Qualität der tierärztlichen Versorgung von Kleinsäugern in deutschen Tierarztpraxen

Auch wenn Kaninchen, Meerschweinchen und Co. oftmals noch den Ruf von „Taschengeld-“ oder „Kinderzimmertieren“ haben, gibt es immer mehr Halter:innen, die eine enge Beziehung zu ihren Tieren haben, eine gute tiermedizinische Versorgung im Krankheitsfall erwarten und für diese auch bezahlen. Aber können die deutschen Tierarztpraxen diese Erwartungen erfüllen? Liest man in Communities von Kaninchen- bzw. Meerschweinchenhalter:innen nach, dann scheint dies nicht der Fall zu sein. In vielen Fällen wird geschildert, dass kleine Heimtiere als Patienten in der Tierarztpraxis nicht ernstgenommen werden und dass keine adäquate bzw. sogar eine falsche Behandlung stattfand.

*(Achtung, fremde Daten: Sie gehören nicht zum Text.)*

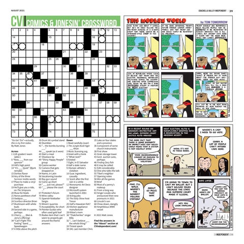 35 Lake on four states and a province 36 Component of some church instruments 38 First show 41 Grain storage tower 43 Govt. auction auto, perhaps 46 Finding Dory fish 48 It may be called 51 Edit considerably 53 One who talks the talk 55 Tibet’s neighbor 57 Opening notes 58 Win all the games 59 Brief 60 Most of a penny’s makeup 61 From a long way 63 Singer Lovato who announced their new pronouns in 2021 66 Lincoln’s son 68 Chow down, slangily 69 Amphibious WWII vessel © 2021 Matt Jones Find the answers in the “About” section at CVIndependent.com!
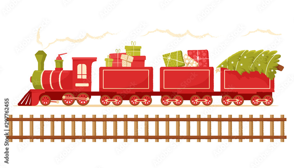 Christmas train carries a Christmas tree. Christmas toy locomotive for holiday cards, tags and greeting cards #297762455
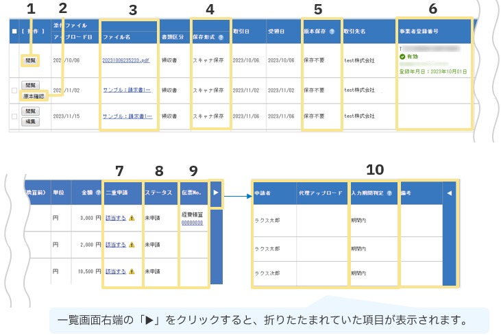 アップロード者、申請者、取引日、受領日、アップロード日、金額、書類区分、原本保存、
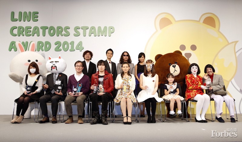 Kanahei(前排右起第四位)在LINE最近举行的表情贴图颁奖典礼上。
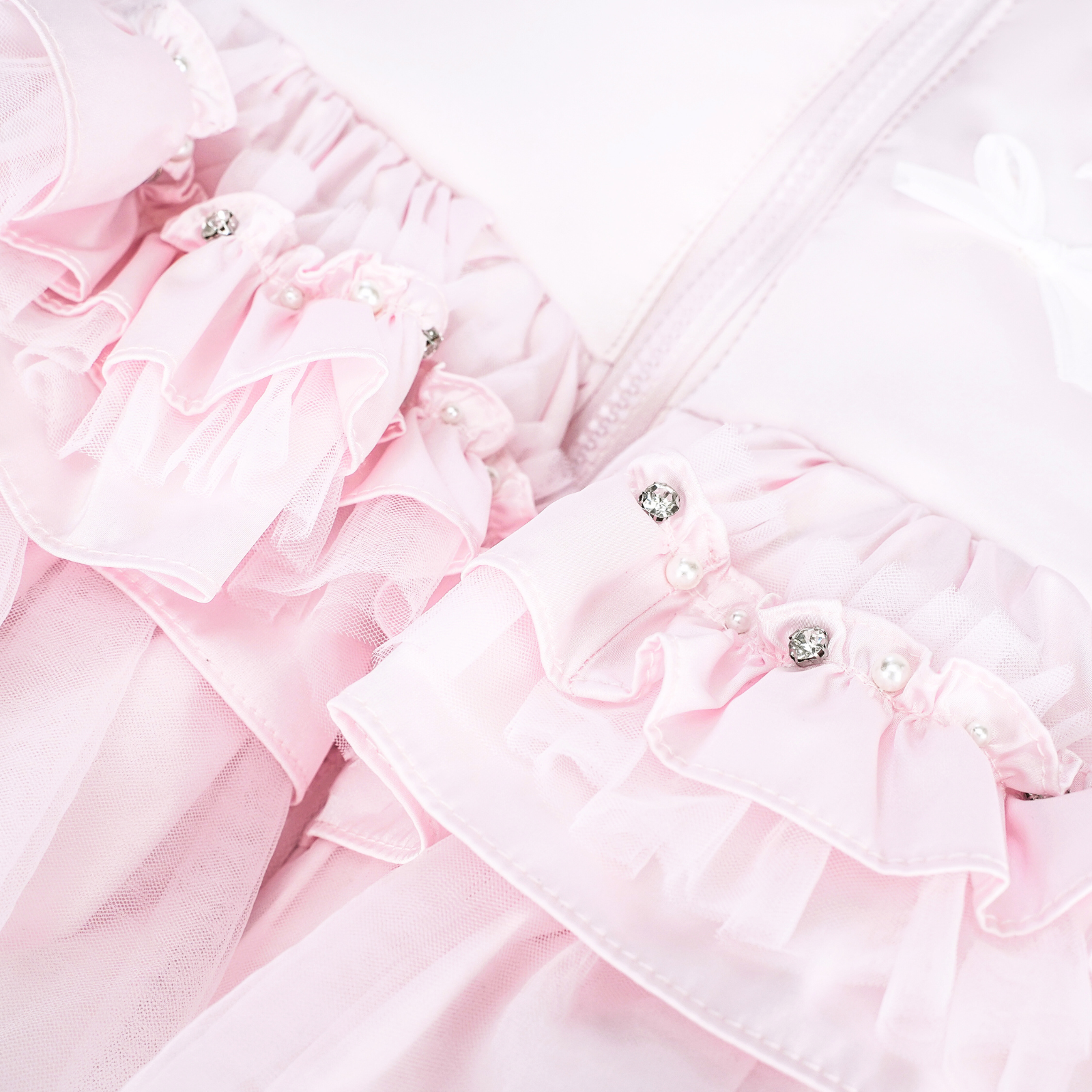A cascade of multi-layered ruffles, artfully mixed with soft tulles, creates a graceful and voluminous skirt effect. The top layer sparkles with delicate pearls and diamanté embellishments, catching the light beautifully and adding a touch of fairy-tale glamour.
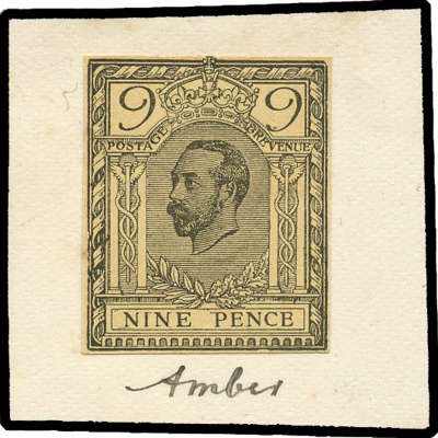 1911 9d Hentschel essay, printed in black on pale amber unwatermarked paper, affixed to piece of thin white card, endorsed ‘’Amber'' in manuscript at foot. Scarce.
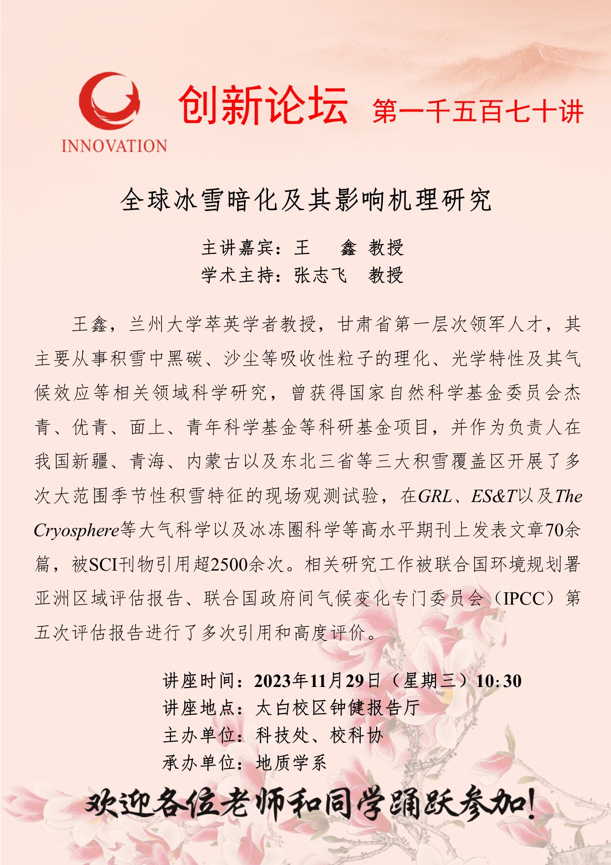 王鑫 教授 伟德国际1949始于英国创新论坛第一千五百七十讲:全球冰雪暗化及其影响机理研究 讲座时间 2023年11月29日(星期三)10:30 讲座地点 太白校区钟健报告厅 讲座人介绍 王鑫 教授 讲座内容

Ich habe in einer großen Facebookgruppe von Kaninchenhalter:innen („Kaninchen, Zwergkaninchen und Hasen“) eine kleine, nicht repräsentative Umfrage durchgeführt und Gruppenmitglieder, die neben Kaninchen auch noch Hunde und/oder Katzen besitzen, gebeten, folgende Frage zu beantworten:

„Wie ist Eure Erfahrung mit der tiermedizinischen Versorgung von Kaninchen in Deutschland im Vergleich zu Hund und Katze?“

172 Mitglieder haben geantwortet. Kein einziger der Teilnehmer:innen empfand die Versorgung von Kaninchen im Vergleich zu Hund bzw. Katze „etwas besser“ oder „deutlich besser“. Die Kaninchen von 7,6 % der Halter:innnen haben eine „genauso gute“ tierärztliche Versorgung wie bei Hund bzw. Katze erhalten, 26,2 % der Halter:innen fanden die Versorgung ihrer Kaninchen „etwas schlechter“ und 66,3 % „deutlich schlechter“ als die ihrer Hunde bzw. Katzen.

Eine ähnliche Frage habe ich, wiederum nicht repräsentativ, in der tierärztlichen Facebookgruppe „Tierärzte“ gestellt:

„Wie gut kennen Sie sich mit Kaninchenmedizin aus im Vergleich zu Hunde- und Katzenmedizin?“

Hier haben 63 Kolleg:innen geantwortet. 6,3 % gaben an, sich „besser“ oder „viel besser“ mit Kaninchenmedizin als mit Hunde- bzw. Katzenmedizin auszukennen, 20,3 % sagten, sie kennen sich in beiden Gebieten „gleich gut“ aus, 50,0 % erklärten, sich mit Kaninchen „schlechter“ auszukennen als mit Hund und Katze und 23,4 % sogar „viel schlechter“. Insgesamt gaben also fast dreiviertel aller an der Umfrage teilgenommenen Kolleg:innen an, weniger Sachkunde in Kaninchenmedizin als im Bereich Hunde-/Katzenmedizin zu haben. Damit decken sich die Erfahrungen der befragten Tierhalter:nnen relativ gut mit der Selbsteinschätzung der Tierärzt:innen.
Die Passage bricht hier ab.